2. A hair styling device comprising:

a main body having an elongate outer shell centered about a central axis, an outlet portion of said outer shell circumscribing an inner shell having a heating element, a center portion of said outer shell surrounding a brushless motor, said brushless motor having a fixed portion fixed with respect to said main body and a rotating portion rotatable with respect to said fixed portion about said central axis and having an impeller rotatable therewith, said main body having an inlet portion having annular inlet apertures extending therethrough, said annular inlet apertures spaced from and circumscribing said central axis, said center portion located between said outlet portion and said inlet portion, said inlet portion located between said center portion and a control portion, a duct plate forming a boundary between said control portion and said inlet portion, said central axis extending from said control portion through said outlet portion;

an AC power connector electrically connected to a DC power supply having a DC output, said DC power supply separate and external to said main body, said AC power connector and said DC output electrically connected to a control circuit in said control portion through a multi-conductor cord extending between said DC power supply and said main body, said multi-conductor cord supplying AC and DC power to said control circuit when said power connector is connected to an external AC power source;

an accessory connector fixed with respect to said outlet portion, said accessory connector for supplying power to an external accessory, said external accessory being a removable oscillating nozzle, said removable oscillating nozzle having an attachment portion and an oscillating portion, said attachment portion for attaching to said outlet portion of said main body, an electrical connector on said attachment portion connected to said accessory connector when said oscillating nozzle is attached to said outlet portion of said main body, said oscillating portion rotatable with respect to said attachment portion on an oscillating axis, an accessory motor having a cam with an eccentric pin, said eccentric pin engaging a follower fork on said oscillating portion; and

said control circuit in electrical communication with a display, a control panel, said brushless motor, and said heating element, said control circuit for supplying said DC power to said brushless motor and said AC power to said heating element.

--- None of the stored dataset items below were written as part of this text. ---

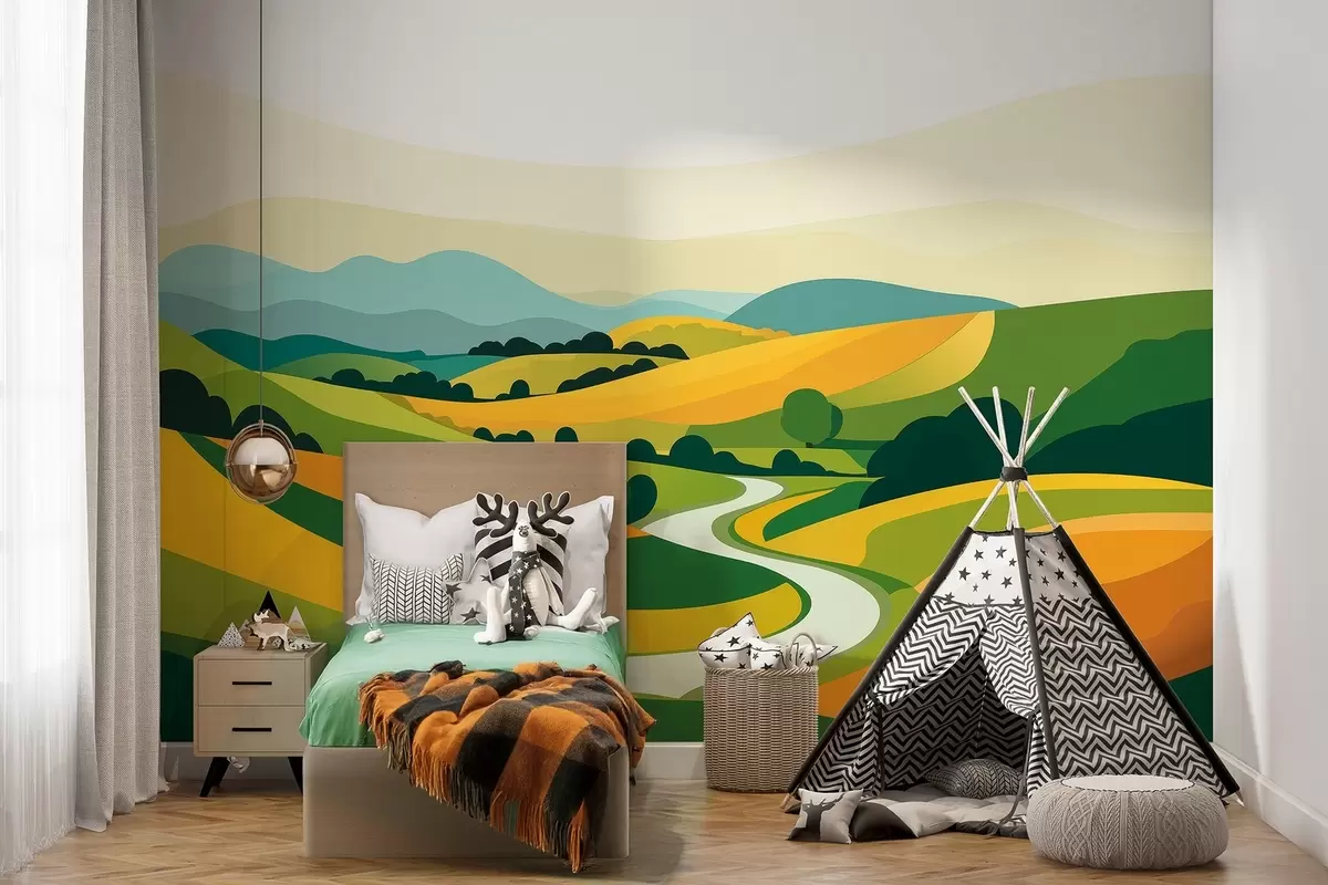 Fototapet Peisaj abstract cu dealuri și copaci, culori vii Nr. w04116
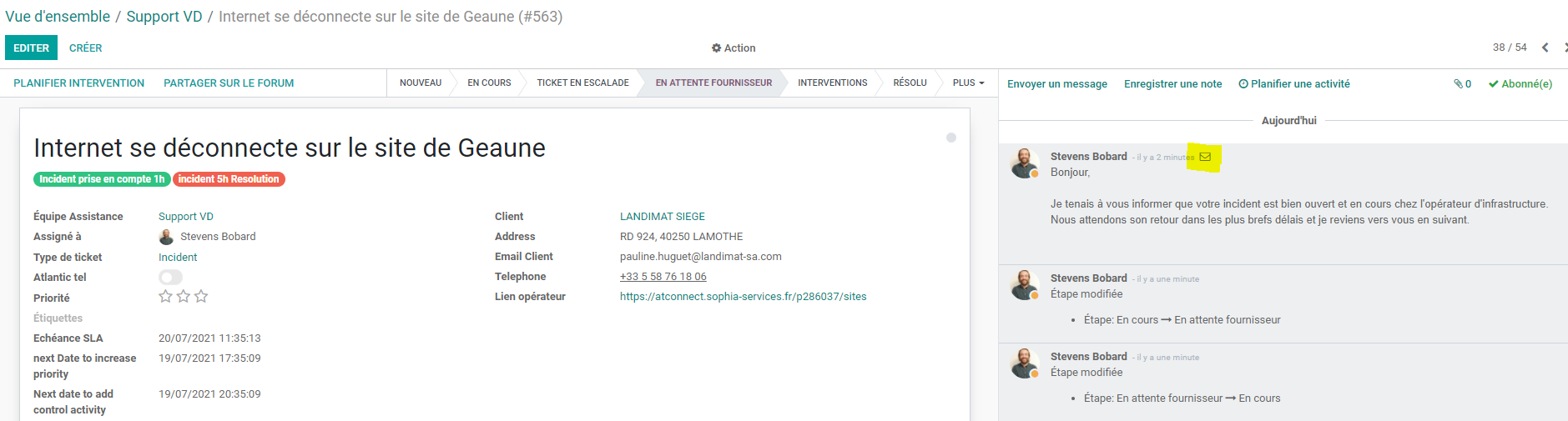 Je viens d’effectuer un test sur un ticket qui était déjà en ‘’attente fournisseur’ (car nous n’avons pas de nouveau ticket), il y a bien la petite enveloppe qui apparait (CF PJ)
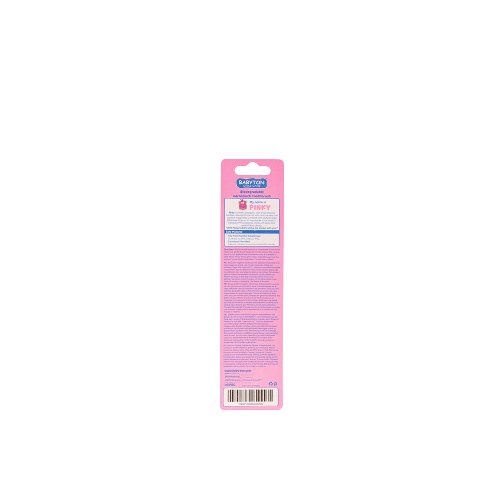 De Babyton Bio Tandenborstel Roze Pinky combineert duurzaamheid, veiligheid en plezier. Perfect voor dagelijks tandenpoetsen en het opbouwen van een gezonde mondhygiëne bij kinderen.
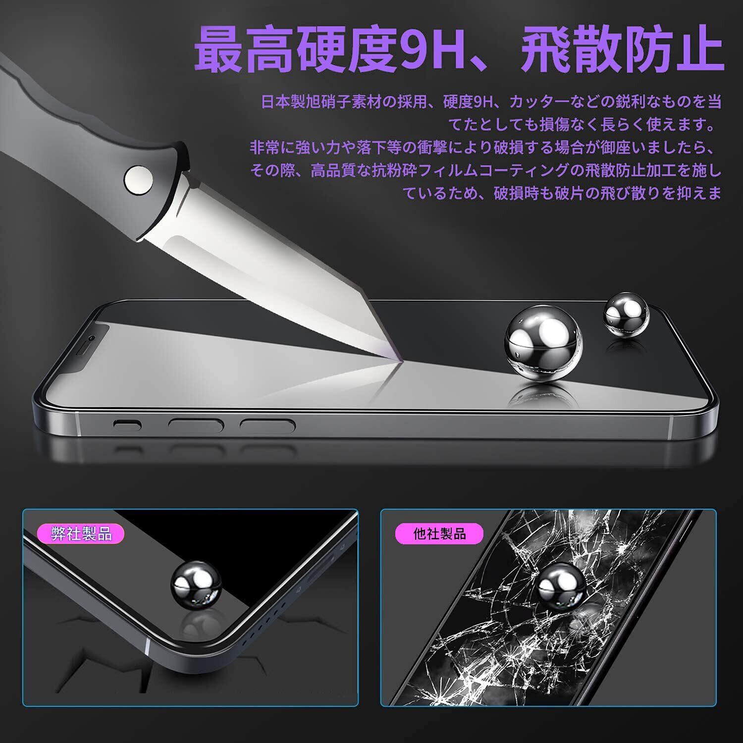 【高品質素材製、硬度9H】一般的なガラス保護フィルムよりも耐久性に優れたハードコーティング技術により、9Hの硬度を実現。特殊な飛散防止処理により、ガラスが割れても飛散せず、破片が付着したときに携帯電話の画面を傷から安全に保護できる。
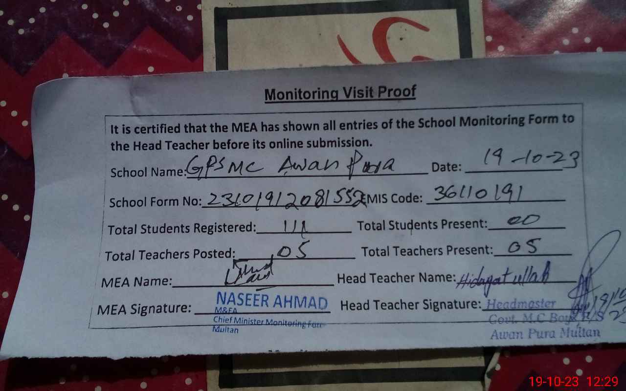 | Certified that this School was Inspected by the Undersigned MEA/DMO Today and the Information Stated Above is as Per Record. | |||||
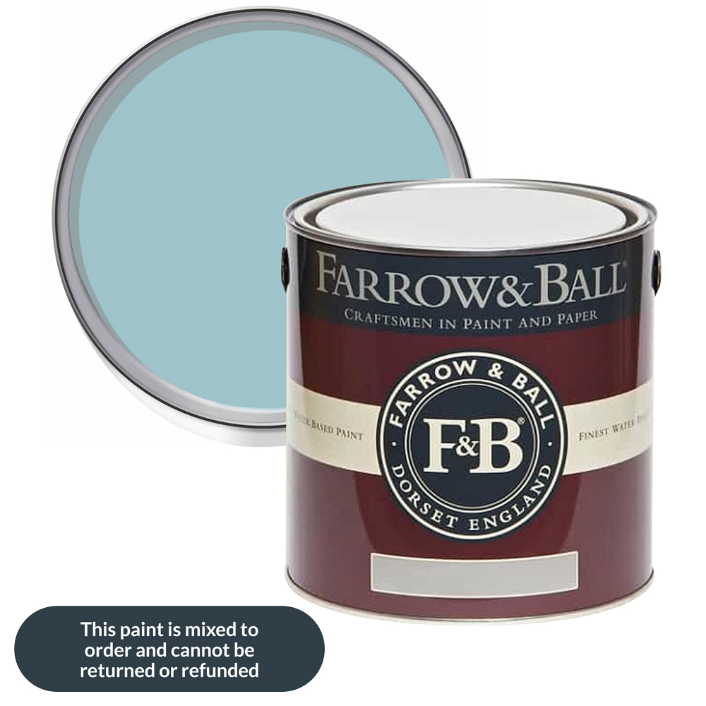 Give your walls a durable touch with this Farrow & Ball Modern Eggshell Satin Paint. It adds beautiful colour and a subtle satin finish while protecting wood, metal, and concrete. This tough, medium-sheen paint with a 40% sheen level is ideal for high-traffic areas like staircases, floors, kitchen cabinets, and even interior metal, garages, and workshops. It resists scuffs and stains, making it perfect for baseboards and other areas prone to wear and tear. Additionally, it is washable and wipeable for easy maintenance. Shade: Blue Ground. Size: 2.5L.
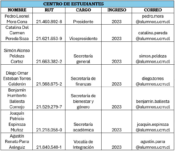 El equipo electo, cuyos integrantes se detallan en la tabla adjunta, ha diseñado un programa que incluye objetivos claros y propuestas concretas para fortalecer la participación estudiantil. Entre ellos, se destaca la expansión de capacitaciones, la promoción de actividades de integración entre generaciones y la creación de un canal de comunicación sólido entre los estudiantes y la institución.

3. The hair styling device of claim 2, further comprising a removable scent pod held to said main body, said central axis intersecting said scent pod when said scent pod is held to said main body.

4. The hair styling device of claim 2, wherein said inlet portion is hourglass shaped, a portion of said annular inlet apertures faces said duct plate and a portion of said annular inlet apertures faces said center portion.

5. The hair styling device of claim 2, wherein said brushless motor is circumscribed by and held to said main body by a resilient dampener.